Scientific classification
- Kingdom: Plantae
- Clade: Tracheophytes
- Clade: Angiosperms
- Clade: Eudicots
- Clade: Asterids
- Order: Gentianales
- Family: Apocynaceae
- Genus: Vinca
- Species: V. herbacea
- Binomial name: Vinca herbacea Waldst. & Kit.
- Synonyms: Vinca libanotica Zucc.; Vinca mixta Velen.; Vinca pumila E.D.Clarke;

= Vinca herbacea =

- Genus: Vinca
- Species: herbacea
- Authority: Waldst. & Kit.
- Synonyms: Vinca libanotica Zucc., Vinca mixta Velen., Vinca pumila E.D.Clarke

Species of plant

Vinca herbacea, with common name herbaceous periwinkle, is a flowering plant native to eastern Europe.

==Description==
Vinca herbacea is a herbaceous perennial growing as a trailing vine, spreading along the ground and rooting along the stems to form clonal colonies, growing up to 10–20 cm high.

The leaves are opposite, lanceolate, 1–5 cm long and 0.2–3 cm broad, glossy green with an entire margin, and nearly sessile with only a very short petiole.

The flowers are produced in late summer, blue-violet or occasionally white, 2.5–3.5 cm diameter, with a five-lobed corolla.

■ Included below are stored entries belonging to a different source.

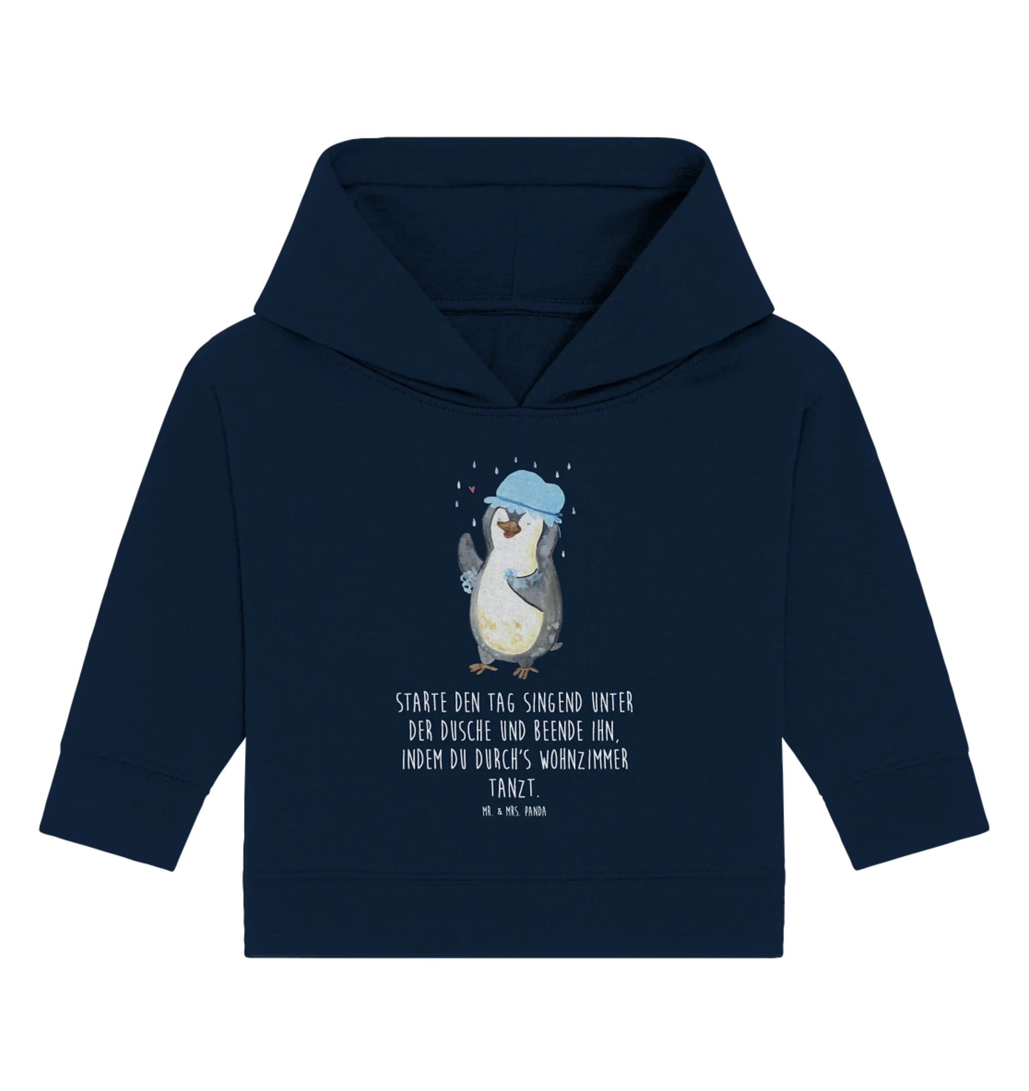 Kaufe jetzt das Organic Baby Hoodie "Pinguin duscht" und bringe Freude in das Leben eines kleinen Erdenbürgers! Dieser Hoodie ist nicht nur ein Kleidungsstück, sondern auch eine kleine Motivation für jeden neuen Tag – perfekt, um Kinder zum Lachen und Spielen einzuladen!
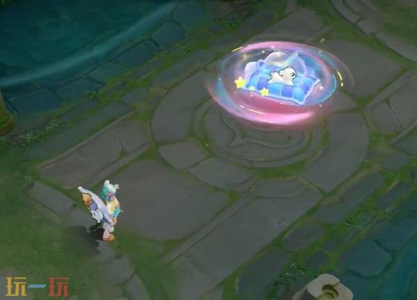 * 一技能:马尔济斯乖巧地趴在软绵绵的枕头上,被淡粉色的云雾包裹向前冲刺,身后划出一道缀有星星的蓝色拖尾,仿佛在梦境中穿梭,留下柔软又治愈的弧线。
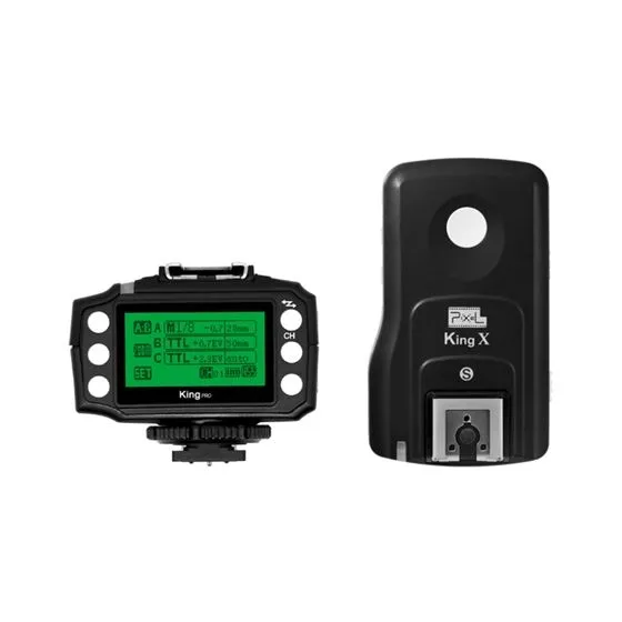 The Pixel i-TTL King Pro Radio Trigger Set is an advanced trigger set for speedlites compatible with Sony Mi. The i-TTL King Pro Trigger Set supports both, manual and automatic TTL communication with the camera and has a range of 300 meters. With the use of additional receivers, multiple speedlites can be used and divided into groups. The lighting values for each of these groups can also be set individually. Further, with the i-TTL radio trigger set, EV corrections, sync-mode (1st/2nd curtain, highspeed sync etc.), zoom settings and flash bracketing mode, can be set via the camera menu.
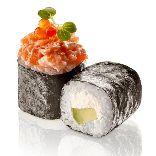 Лосось, сливочный сыр, авокадо, красная икра, соус масаго, микрозелень, нори, рис заправленный
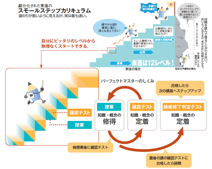 スタートのレベルは人それぞれ。東進なら高校入門から超東大までの12段階から自分に合った講座のレベルを選ぶことが可能です。また、1講座は20回で構成され、内容を理解しながら確実にステップアップできます。習ったことを確実に身につける 『パーフェクトマスター』
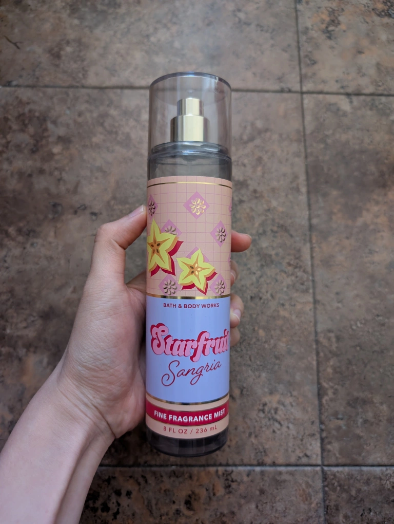 Selling a Bath & Body Works Starfruit Sangria Fine Fragrance Mist! It's an 8 fl oz bottle. The fragrance notes include golden starfruit and chilled sangria
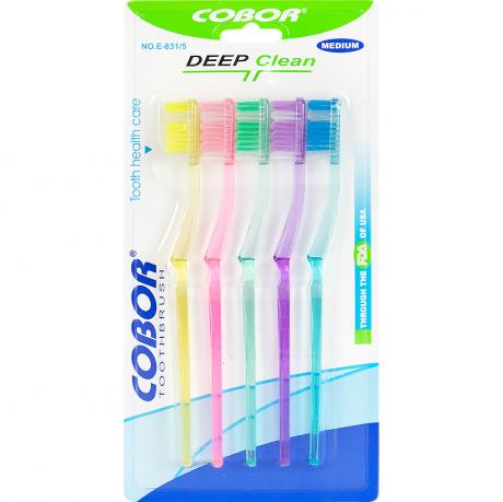 Набір зубних щіток «Cobor» Е831-5 призначений для щоденної гігієни ротової порожнини та підходить для домашнього й професійного використання. У комплект входять 5 зубних щіток довжиною 19 см, розміщених на одному блістері. Щітки оснащені синтетичною щетиною, яка ефективно видаляє зубний наліт і залишки їжі, забезпечуючи якісне очищення поверхні зубів і міжзубних проміжків. Розмір головки становить 3×1,5 см, що забезпечує зручність у використанні та доступ до важкодоступних ділянок. Блістер розміром 12,5×26 см зручний для зберігання та викладки.
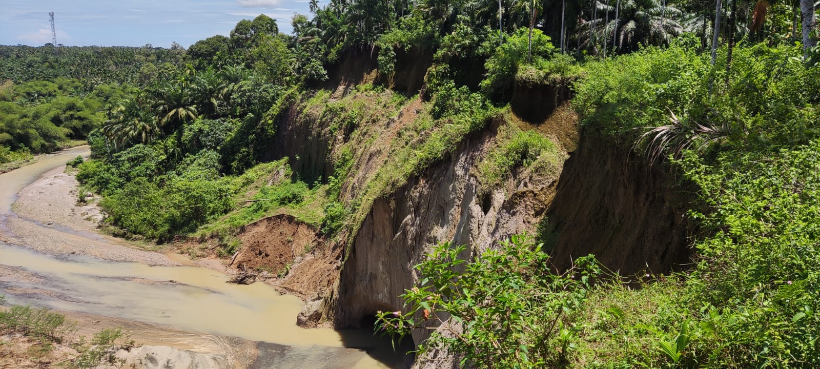 Dampak berubah arahnya aliran sungai akibat penumpukan material pasir, lumpur, bebatuan dan kayu yang dihanyutkan Banjir beberapa beberapa waktu lalu, mengikis bagian tepi tebing, yang berisi pemukiman penduduk, kompleks TPU, kebun warga dan ruas jalan utama di kawasan itu.
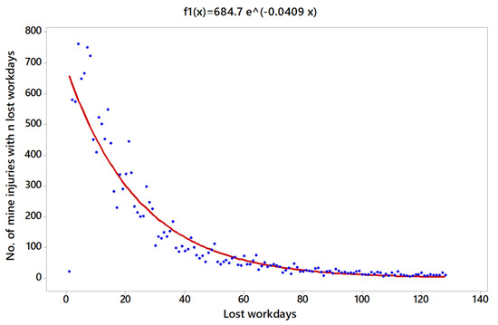 Different studies already published focused on occupational accidents in the mining industry have employed the average lost workdays as a measure to determine risk indexes of work posts and tasks, among groups of workers, and types of mines [19,20,21,22]. This measure enables one to evaluate the overall safety performance within a specific mine, since it can reflect factors, such as the effective use of first aid and rapid access to medical care, the use of personal protective equipment, and company’s policies concerning return-to-work practices [23]. In order to take account of the fatal accidents with a standard value of 6000 lost workdays, we modelled the distribution that was more closely in accordance with the number of accidents, considering the number of lost workdays both in underground coal, metal and non-metal mines, using the following density function detailed in Equation (1).
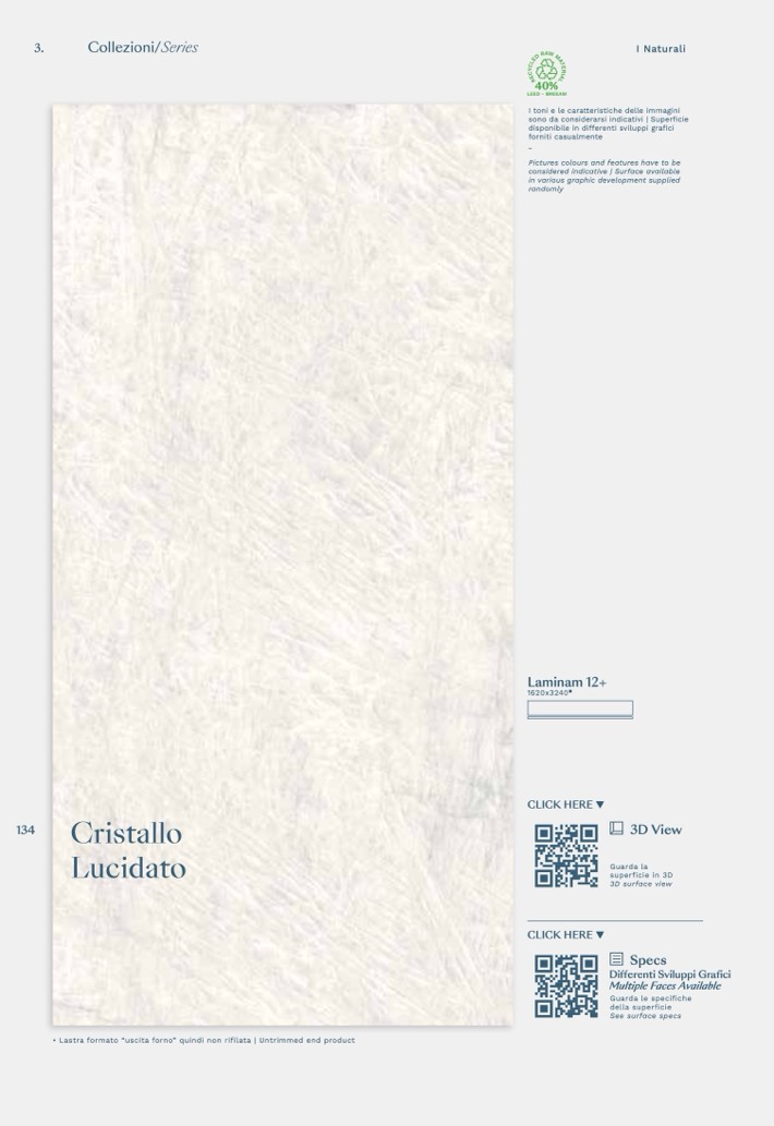 • Lastra formato “uscita forno” quindi non rifilata | Untrimmed end product
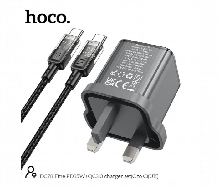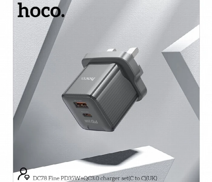 شاحن حائط HOCO DC78 – ثنائي المنافذ PD35W + QC3.0 مع كابل Type‑C إلى Type‑C
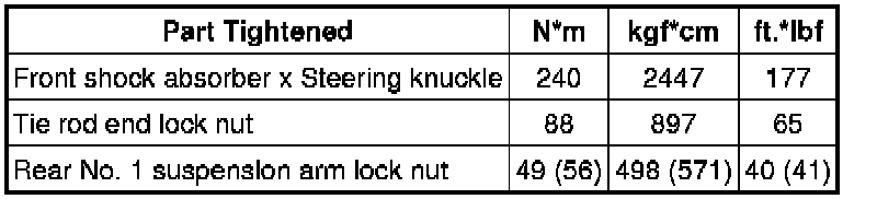 SPECIFICATIONS: ALIGNMENT / HANDLING DIAGNOSIS: TORQUE SPECIFICATIONS
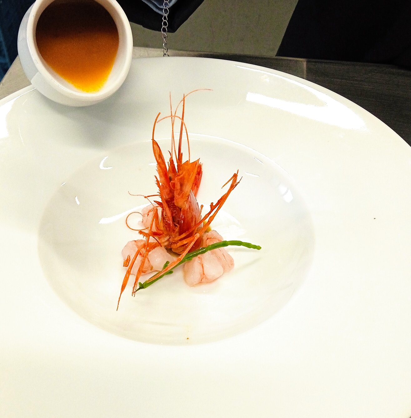 Gamba roja de Vilanova i la Geltrú al natural con su cabeza salteada y su consomé.

==Distribution and habitat==
The plant is native to eastern and southeastern Europe, from Austria south to Greece, and east to the Crimea, and also in northern Western Asia, in the Caucasus and Alborz mountains, mainly in steppe habitats.

==Cultivation==
Vinca herbacea is occasionally grown as an ornamental plant in temperate climate gardens, as a rock garden plant.